### EXTRACTED RECORDS

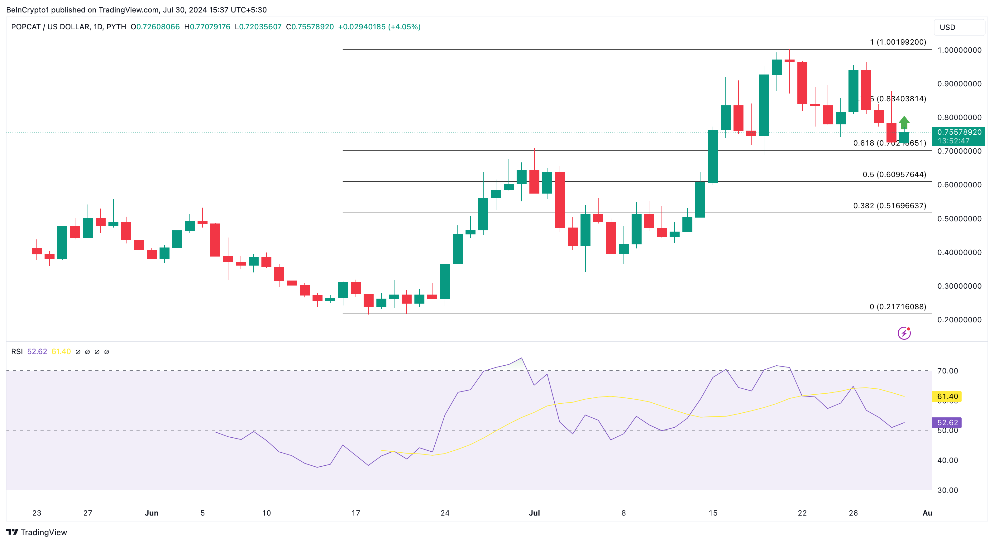 Als dit zo doorgaat, in combinatie met een toename van de koopdruk, kan POPCAT relatief gemakkelijk terugkeren naar $0,83 en vervolgens $1 in augustus. Als tokenhouders echter blijven verkopen, kan deze verwachting niet uitkomen. In dat geval kan de POPCAT koers dalen naar $0,70.
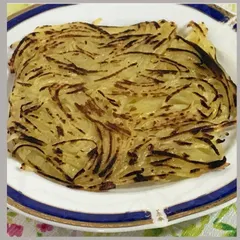 ハッシュポテト じゃがいも2個を細切りにするフライパンにバターを入れてじゃがいもを押し付けてくっつける。塩コショウをふって頂く。
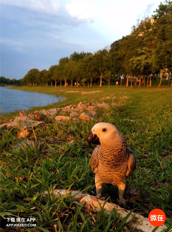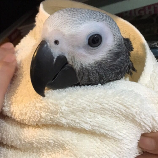 這隻小灰鸚鵡是2016 年1 月1 號來到主人家裡,因此被叫成大順。一開始來主人家吃東西都要用小勺子一點點餵糊糊給牠吃。
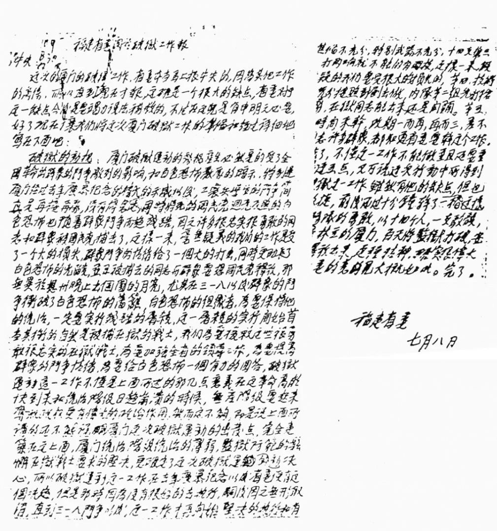 关于厦门破狱斗争给中央的报告
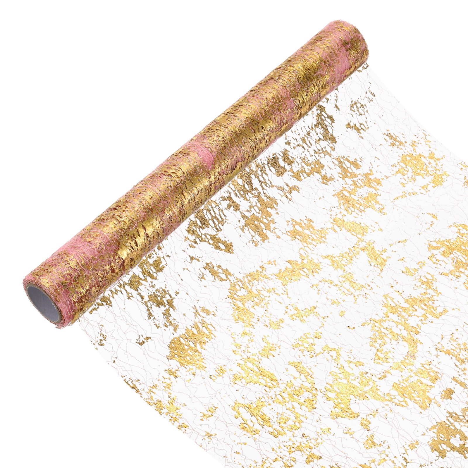 Gold Pink Table Runner Roll 11.4" x 108" Sequin Foil Metallic Mesh Table Runner
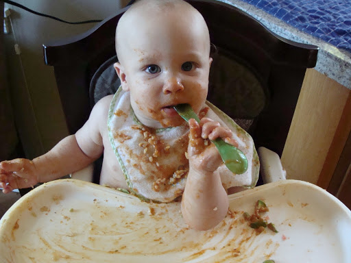 Oh and just look at this messy eater! I made him organic brown rice mixed with organic pasta sauce and avocado. All he was impressed with was the spoon 🙂
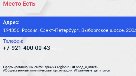 Место Есть по адресу 194356, Россия, Санкт-Петербург, Выборгское шоссе, 200а в дальнейшем Организация, размещена в следующих категориях:
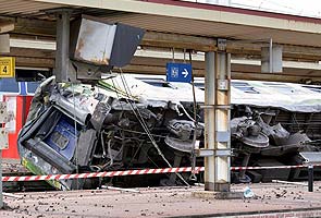 "The train arrived at the station at high speed. It split in two for an unknown reason. Part of the train continued to roll while the other was left on its side on the platform," a police source told AFP.
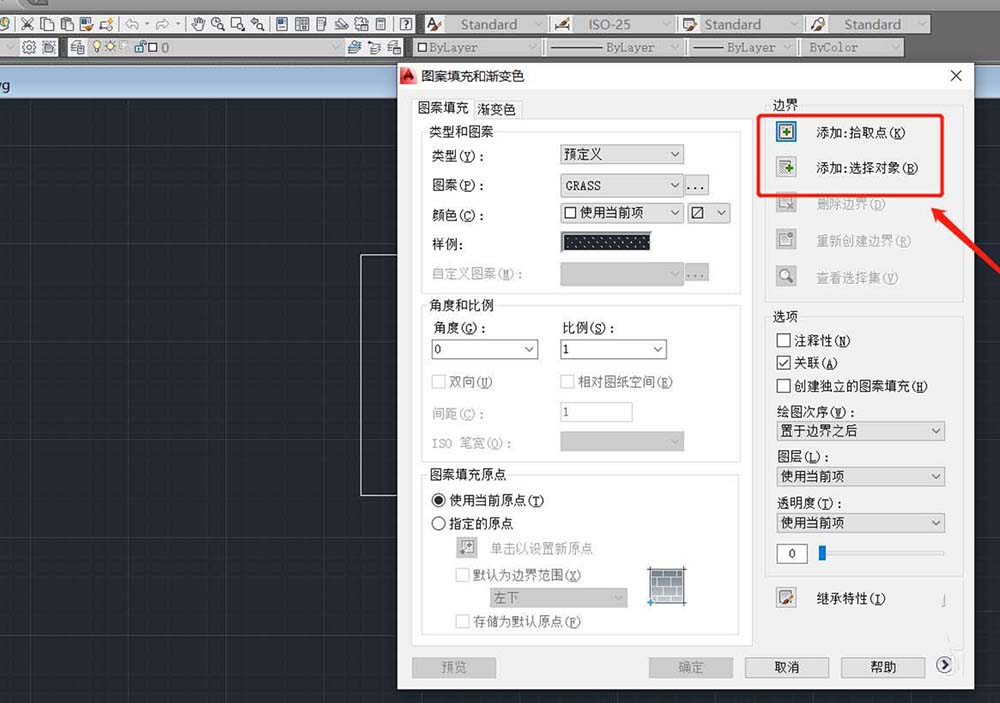 6、点击添加拾取点或者添加选择对象,选中要草坪范围。

### WHAT YOU ARE ASKED TO DO
Leave out the pictures, and write out exactly the lines from the one containing "Место Есть по" through the last line of the listing, both included.

### ANSWER TO THIS EXERCISE
 Место Есть по адресу 194356, Россия, Санкт-Петербург, Выборгское шоссе, 200а в дальнейшем Организация, размещена в следующих категориях:
 "The train arrived at the station at high speed. It split in two for an unknown reason. Part of the train continued to roll while the other was left on its side on the platform," a police source told AFP.
 6、点击添加拾取点或者添加选择对象,选中要草坪范围。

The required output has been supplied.